▽

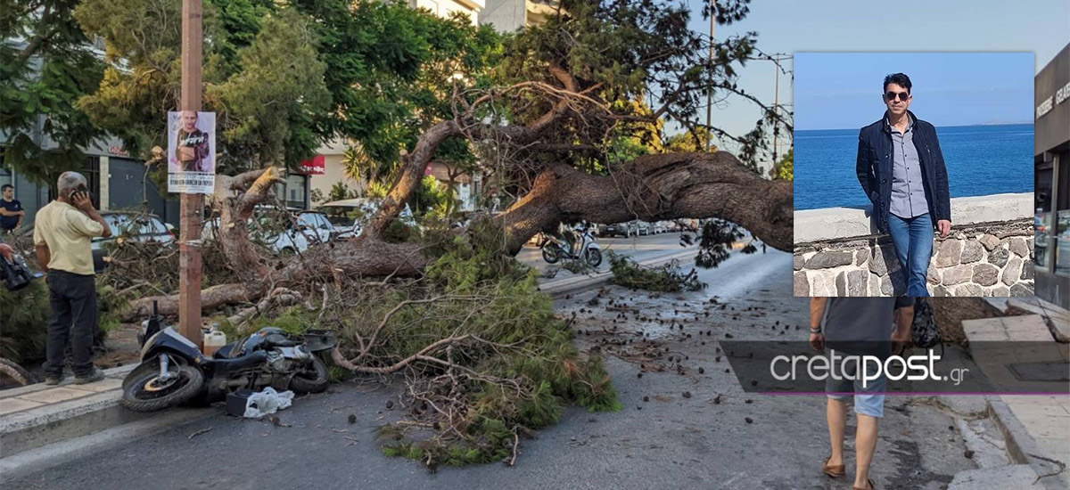 Ανείπωτος πόνος, αλλά και οργή έχει προκαλέσει στην τοπική κοινωνία της Κρήτης ο άδικος τρόπος με τον οποίο έχασε την ζωή του χθες το απόγευμα ένας 51χρονος μοτοσικλετιστής, όταν καταπλακώθηκε από δέντρο στα φανάρια κεντρικού δρόμου του Ηρακλείου.
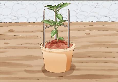Provide support. This plant needs to climb and needs something like a wall, pillar or a wooden trellis. It will also climb along an open fence or railing.
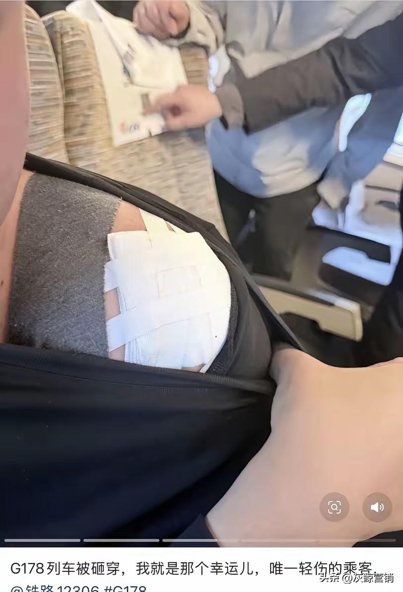G178列车被异物击穿顶部,有乘客受伤,乘客用手机拍下的。 高铁速度快,很小的异
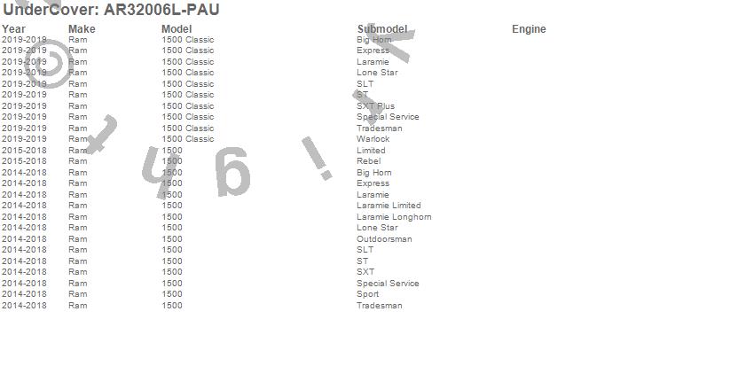 UnderCover - UnderCover Fusion P/N AR32006L-PAU Features:
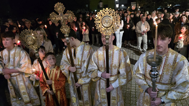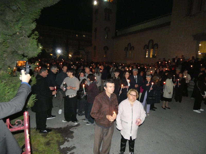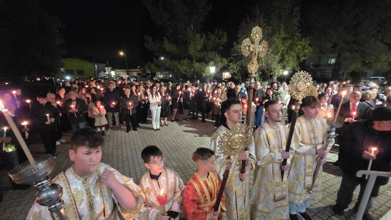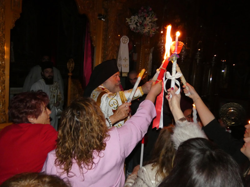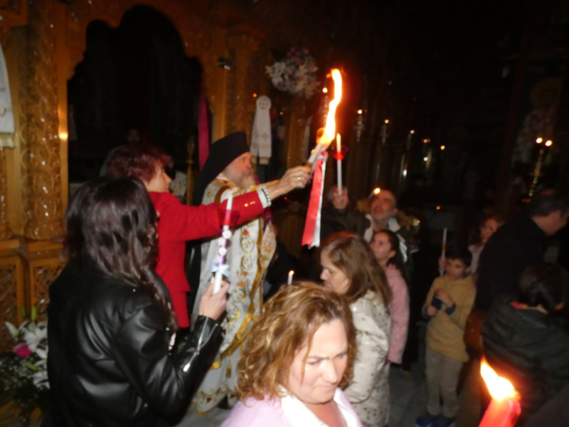 Πλήθος πιστών προσήλθαν και φέτος για να παρακολουθήσουν την Ακολουθία της Αναστάσεως, να λάβουν το Άγιο φως και να ακούσουν το χαρμόσυνο μήνυμα πως ο θάνατος νικήθηκε από την ζωή, το «Χριστός Ανέστη».
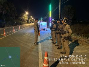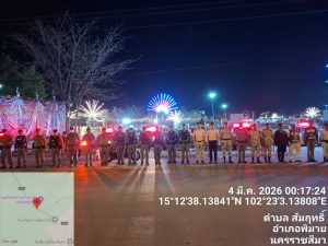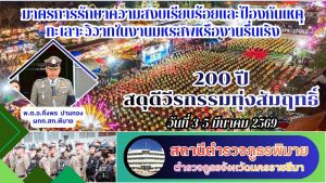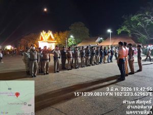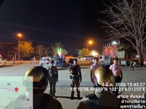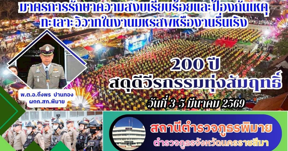 วันที่ 3 มีนาคม พ.ศ. 2569 พ.ต.อ.ถึงพร ปานทอง ผกก.สภ.พิมาย มอบหมายให้ พ.ต.ท.ประเสริฐ ฟุ้งพิมาย รอง ผกก.ป.ฯ, พ.ต.ท.พิทยา การสร้าง สวป.ฯ, พ.ต.ท.พิสาร ทองสมุทร สวป.(ชส.)ฯ, พร้อมด้วยเจ้าหน้าที่ตำรวจ สภ.พิมาย ร่วมกับเจ้าหน้าที่ฝ่ายปกครองอำเภอพิมาย, อส.ตร., อปพร. และอาสาสมัครกู้ชีพกู้ภัยอำเภอพิมาย ร่วมดำเนินการตามมาตรการการรักษาความสงบเรียบร้อยงาน “200 ปี สดุดีวีรกรรมทุ่งสัมฤทธิ์” ดังนี้

△

- [Instructions to follow] What is needed is an exact copy of every record above, minus the images.

- [Solution to the exercise]
 Ανείπωτος πόνος, αλλά και οργή έχει προκαλέσει στην τοπική κοινωνία της Κρήτης ο άδικος τρόπος με τον οποίο έχασε την ζωή του χθες το απόγευμα ένας 51χρονος μοτοσικλετιστής, όταν καταπλακώθηκε από δέντρο στα φανάρια κεντρικού δρόμου του Ηρακλείου.
Provide support. This plant needs to climb and needs something like a wall, pillar or a wooden trellis. It will also climb along an open fence or railing.
G178列车被异物击穿顶部,有乘客受伤,乘客用手机拍下的。 高铁速度快,很小的异
 UnderCover - UnderCover Fusion P/N AR32006L-PAU Features:
 Πλήθος πιστών προσήλθαν και φέτος για να παρακολουθήσουν την Ακολουθία της Αναστάσεως, να λάβουν το Άγιο φως και να ακούσουν το χαρμόσυνο μήνυμα πως ο θάνατος νικήθηκε από την ζωή, το «Χριστός Ανέστη».
 วันที่ 3 มีนาคม พ.ศ. 2569 พ.ต.อ.ถึงพร ปานทอง ผกก.สภ.พิมาย มอบหมายให้ พ.ต.ท.ประเสริฐ ฟุ้งพิมาย รอง ผกก.ป.ฯ, พ.ต.ท.พิทยา การสร้าง สวป.ฯ, พ.ต.ท.พิสาร ทองสมุทร สวป.(ชส.)ฯ, พร้อมด้วยเจ้าหน้าที่ตำรวจ สภ.พิมาย ร่วมกับเจ้าหน้าที่ฝ่ายปกครองอำเภอพิมาย, อส.ตร., อปพร. และอาสาสมัครกู้ชีพกู้ภัยอำเภอพิมาย ร่วมดำเนินการตามมาตรการการรักษาความสงบเรียบร้อยงาน “200 ปี สดุดีวีรกรรมทุ่งสัมฤทธิ์” ดังนี้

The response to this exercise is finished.